Copyright versus the cloud

What will replace the personal computer in the post-PC era? According to Gartner, it will not be the smartphone, or the tablet, or any device in particular. Instead, the analyst company predicts, the PC will be replaced by the ‘personal cloud’ as the centrepiece of our digital lives, as soon as 2014.

“No one device will be the primary hub,” Gartner research vice president Steve Kleynhans said recently. “Rather, the personal cloud will take on that role.”

Gartner defines ‘personal cloud’ as cloud-based services that allow users to store, synchronise, stream and share content, using multiple connected devices such as smartphones, media tablets, televisions and PCs, over the Internet.
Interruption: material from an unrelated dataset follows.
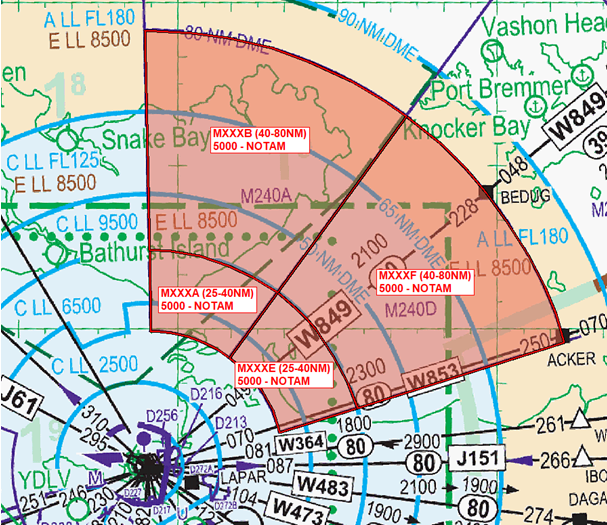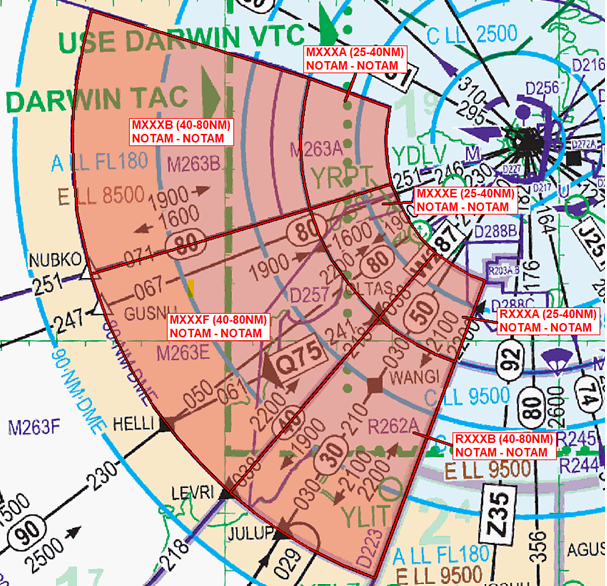 Reapportionment of the M263A western boundary to a 40NM radius Darwin to align with the other changes proposed in this advisory notice:

Examples include Netflix, Google Apps, Amazon Music, Microsoft SkyDrive and Apple’s iCloud.

Speaking at a recent conference in Singapore, Kleynhans’s colleague Andrew Johnson explained that online backup and synchronisation services have been available for some time, but personal cloud services are defined by cross-platform access.

See also: How to secure an employee’s personal cloud in the workplace

“What distinguishes the personal cloud from what came before is its ability to store, synchronise, stream and share as needed, allowing consumers greater flexibility in choosing devices and platforms,” he said. Johnson predicted that, by the end of 2013, ‘personal cloud’ services will be integrated into 90% of all new consumer devices.

This trend is guaranteed to impact businesses. Just as employees are accessing work documents from their personal mobile devices today, in future those documents will inevitably work their way onto personal clouds.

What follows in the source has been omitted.